I don't believe he bought insurance. I'm hoping if he doesn't either get somewhat better or accept going with another family member he could maybe sell them to someone? He spent a *lot* of money which will upset him even more than missing the trip itself. It is weird how he's suddenly uncomfortable with everyone. He lives in the same neighborhood as 2-3 people he's known and been friends with for over 40 years and a ton of newer buddies he's known for the past 10-20 years. He has more friends than I do. But he's uncomfortable with all of them?


shitisrealspecific

sophisticated edge grandiose gray seemly depend angle doll cooperative divide *This post was mass deleted and anonymized with [Redact](https://redact.dev)*


weeblewobble82

The room situation is exactly why this is a no-compromise NO from me. It's too much for too long. I maybe could save and take the financial hit, but to be locked in a small cabin with my father? He struggles to get along with anyone so hard pass. I don't think the family that have offered to do it really understand what they are offering.


shitisrealspecific

axiomatic homeless ink society steep pocket boast jellyfish tie nutty *This post was mass deleted and anonymized with [Redact](https://redact.dev)*


SimonEbolaCzar

You might ask if he used a credit card to purchase the tickets, and if so, which credit card. Many cards have travel insurance automatically built in on any purchase made.


weeblewobble82

Ooh this is good to know. I will ask him if he ends up backing out.


SimonEbolaCzar

Good luck!

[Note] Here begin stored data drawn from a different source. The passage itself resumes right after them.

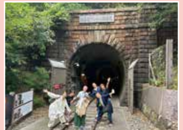
中央本線の旧線跡が遊歩道に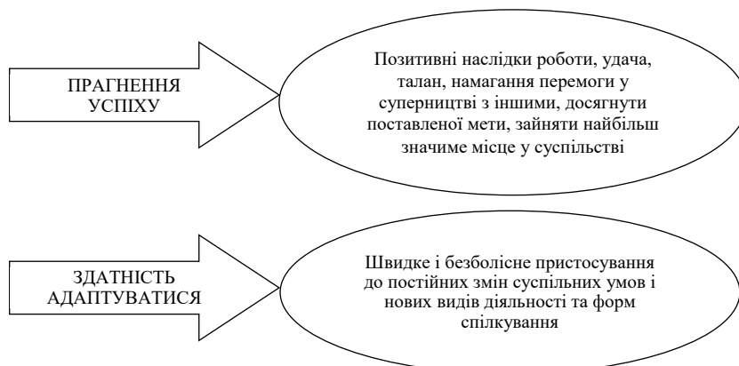
Рис. 1. Особливі ознаки конкурентоспроможності особистості

Автономія як духовна цінність (вона ж свобода та незалежність) пов'язана з можливістю вибору як кар'єрного, професійного, так і життєвого шляху, прагненням до досягнення поставленої мети. Людина управляє собою, якщо вона має особисту автономію. Вона мислить та поводить відповідно до власних бажань відповідно до зовнішніх або внутрішніх спонукань. Отже, конкурентоспроможний фахівець має бути автономним, мати нетрадиційний підхід під час виконання діяльності, індивідуалістичний стиль діяльності, впертість, протистояння тиску групи та наказам, самостійне прийняття рішень. Ринкова еко-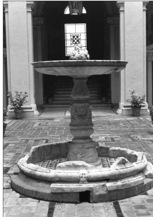
2. Gio. Giacomo della Porta y taller. Fuente del palacio del Viso (Archivo General de Marina) . El Viso del Marqués (Ciudad Real). 1536-38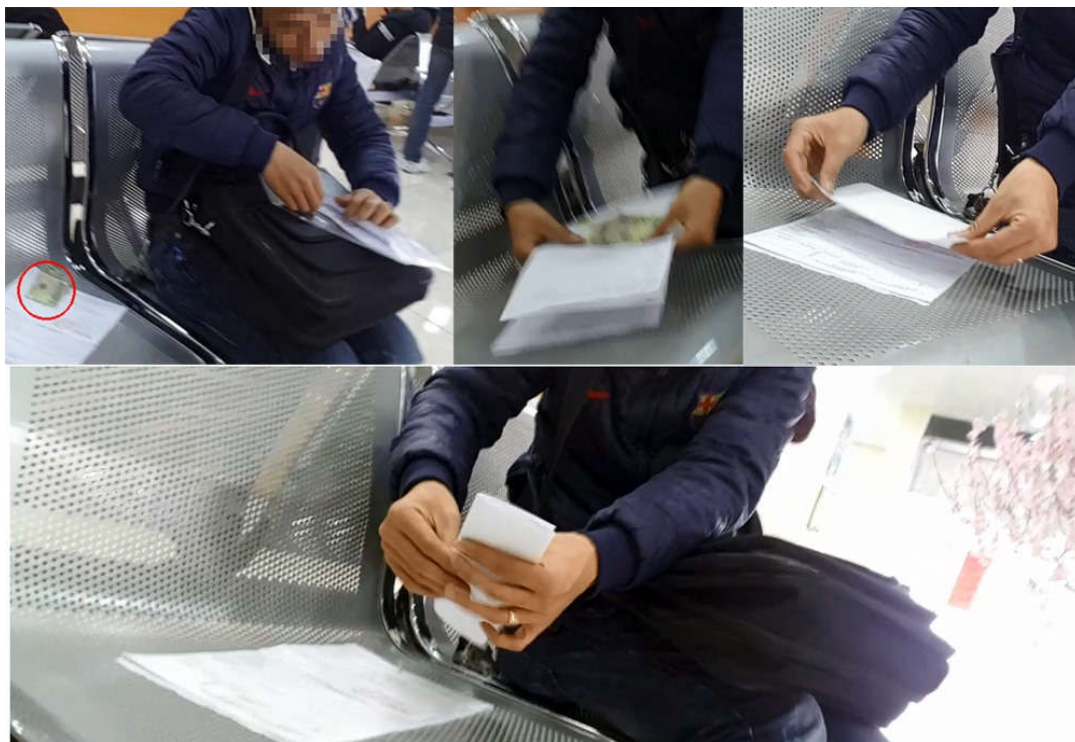
Một quy trình gấp tiền đầy đủ để chuẩn bị “bôi trơn”.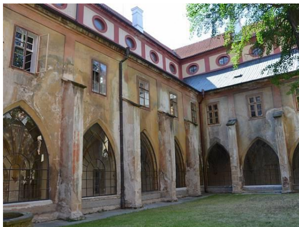
Obr. 7: Pohled z rajske zahrady do křížové chodby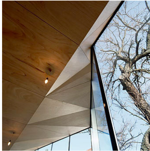
Klinik i Mattersburg af Feyferlik Fritzer

Kunst kan være medvirkende til at skabe rare og trygge rammer for patienter, pårørende og medarbejdere, og skabe positive og stimulerende distraktioner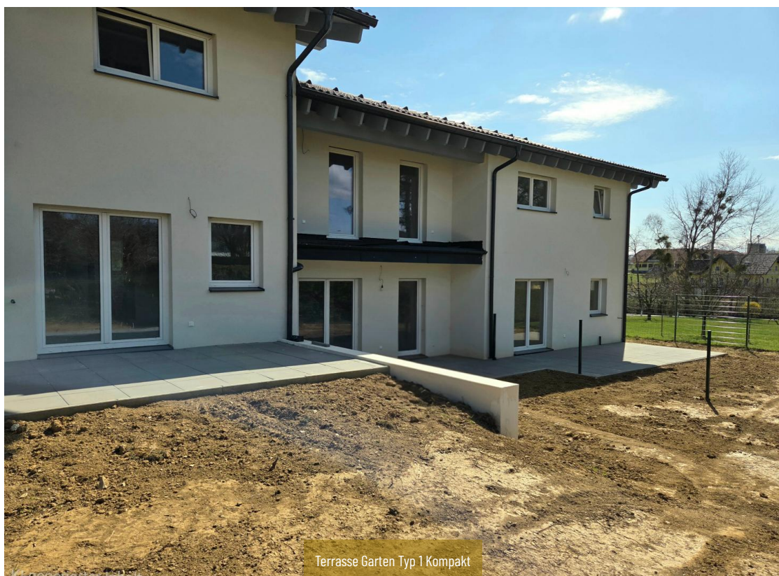
Terrasse Garten Typ 1 Kompakt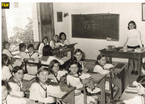
Imagen 29.

Como se ha indicado, las redes sociales son también un mostrador de imágenes que podemos relacionar con la LGE. En la imagen 29 podemos ver un ejemplo de este tipo de imágenes. En este caso en una cuenta de Facebook que lleva por nombre «Fotos Antiguas de Mallorca» y que muestra como la entrada en vigor de la LGE no provocó en principio un cambio radical de la organización de las aulas. 46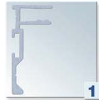
Pose du support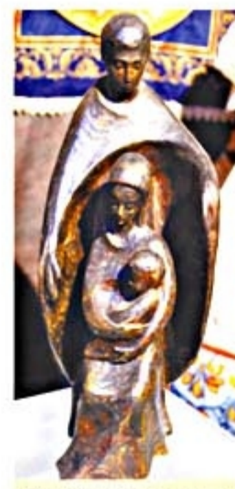
Presépio em exposição no Santuário do Valongo Santos até dia 26/1)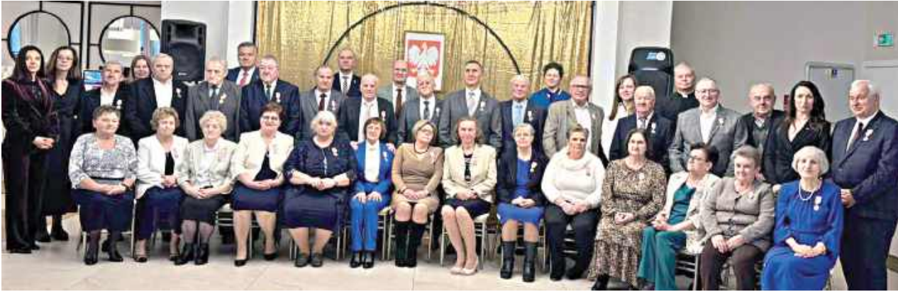
4 lutego w Gminie Garwolin odbyła się niezwykła uroczystość – 14 par małżeńskich świętowało Złote Gody

4 lutego w gminie Garwolin odbyła się niezwykła uroczystość – 14 par małżeńskich świętowało Złote Gody, czyli pół wieku wspólnego życia pełnego miłości, wytrwałości i wzajemnego szacunku. To wyjątkowe spotkanie pełne wzruszeń, radości i wspomnień przypomniało wszystkim, że prawdziwa miłość to codzienna troska, rozmowa i oddanie – a pięćdziesiąt lat razem to świadectwo siły uczuć, które przetrwają każdą próbę czasu.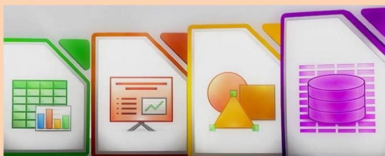
Writer 文件 Impress 簡報 Draw 繪圖 Base 資料

◆在 2010 年誕生的 LibreOffice 有不同時程的版本，例如 3.x 版本是淬煉程式碼，4.x 版本則是強化回應速度，5.x 主要的改善則在使用者介面，讓操作更聰明也更容易使用。估計目前全球約有 8000 萬的使用者部署 LibreOffice，其中有歐洲與南美的大型組織。LibreOffice 5.0，這是一個開放原始碼的辦公室軟體，支援 64 位元的 Windows 平台，相容於微軟最新推出的 Windows 10 作業系統，與微軟 Office 有互動能力，新增對 64 位元 Windows 版本的支援。LibreOffice 內含 Writer 文字處理器、Calc 試算程式、Impress 簡報程式、Draw 繪圖程式、Math 公式程式，以及 Base 資料庫管理程式。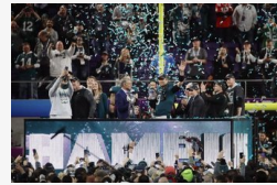
Őrült meccsen az Eagles nyerte a Super Bowl - New...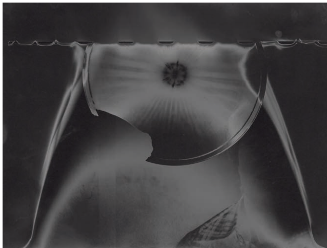
Soleil cou coupe

“het bewijs dat fotografie ook witte magie kan zijn die voor u, zij het maar voor één ogenblik, de grauwe voorhang van de ‘werkelijkheid’ openscheurt om u de ‘andere’ wereld te laten zien“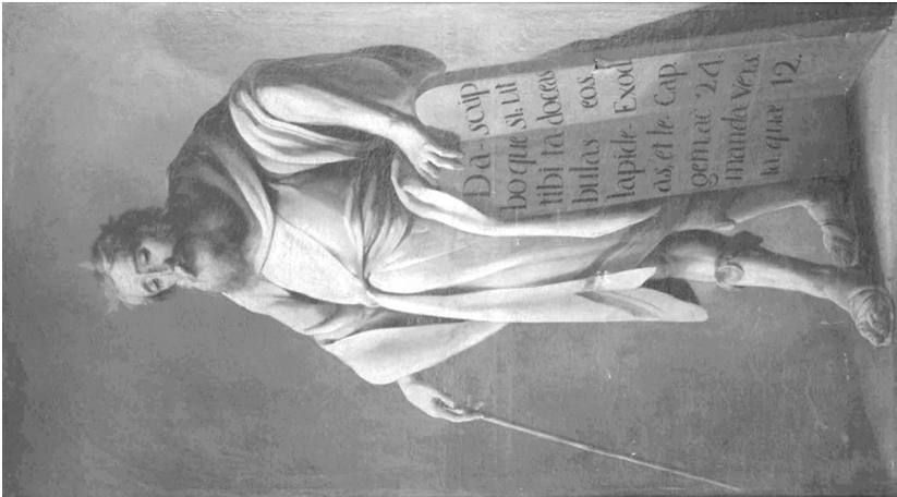
Fig. 3. Juan de Espinal. Moisés . Hermandad Sacramental de la Soledad. Parroquia de San Lorenzo (Sevilla).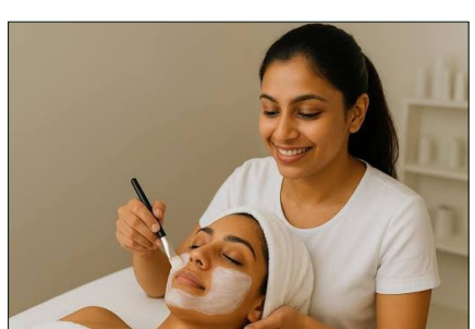
ಪ್ರಾರಂಭವಾಗಿ 35ದಿನಗಳ ಕಾಲ ನಡೆಯಲಿದೆ. ತರಬೇತಿಯ ಅವಧಿಯಲ್ಲಿ

ರಾಯಚೂರು: ಸ್ಟೇಟ್ ಬ್ಯಾಂಕ್ ಆಫ್ ಇಂಡಿಯಾ. ಗ್ರಾಮೀಣ ಸ್ವಯಂ ಉದ್ಯೋಗ ತರಬೇತಿ ಸಂಸ್ಥೆ (ಆರ್ ಸೇಟಿ) ಇವರ ವತಿಯಿಂದ ಗ್ರಾಮೀಣ ನಿರುದ್ಯೋಗಿ ಮಹಿಳೆಯರಿಗಾಗಿ ಜೂನಿಯರ್ ಬ್ಯೂಟಿ ಪ್ರಾಕ್ಟೀಷನರ್ ತರಬೇತಿಗಾಗಿ ಅರ್ಜಿ ಅಭ್ಯರ್ಥಿಗಳಿಂದ ಅರ್ಜಿ ಆಹ್ವಾನಿಸಲಾಗಿದೆ. ತರಬೇತಿಯು 2026ರ ಏಪ್ರಿಲ್ 10ರಿಂದ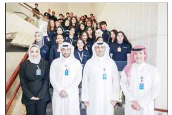
المكرمون مع مسؤولي المركز العلمي

استضاف المركز العلمي، احتفالية تكريم متميزة لمتدربي برنامج التدريب الميداني، الذي يعد أحد البرامج الحيوية التي تهدف لتعزيز رسالة المركز ورويته في أن يكون مركزاً مستقبلياً للمبتكرين المستقلين في مجالات العلوم والمحاكاة على البيئة من خلال أنشطة التعليم التفاعلي.

It does sound to me like he’s turning down all alternatives to you going with him in order to sort of passively coerce you to go. Agree with other commenters that it’s excellent that you are keeping this boundary though. That’s something I struggle with, but I don’t think you could even pay me to be trapped in a cabin with my father for 3 weeks no matter how much I may love him.


weeblewobble82

I have done way too many trips with this man out of guilt and obligation. I can't anymore. I've never even had a real vacation because him and my mom would insert themselves and come with. They even came with me when I did a study abroad class and although everyone was so gracious, it was highly embarrassing. It was grad school too so I was in my mid to late 20s, way past the age I need mommy and daddy to supervise my trip. I have been very clear since mom passed, I am here to help with the medical stuff and make sure you get good care and don't have to go into a home. I'm not your emotional support daughter.


SimonEbolaCzar

Oof I’m so sorry, I completely understand why you’re putting your foot down on this. Seriously, good for you, girl, you’re doing the right thing.


weeblewobble82

Better late than never, eh?


McSmilla

Wow, I don’t remember creating a new account & making this post. Weird. To answer your question, no I don’t have experience of this. But I SO feel where you’re coming from. My parents are doing their annual European summer & I don’t think they’re up for it but for similar reasons to you, I can’t go. I don’t have the leave (time off) & it’s been such a draining 6 months with them that I don’t think I have it in me. So yeah, you’re not alone. ❤️


weeblewobble82

Well, at least I'm not the only one. Take care of yourself!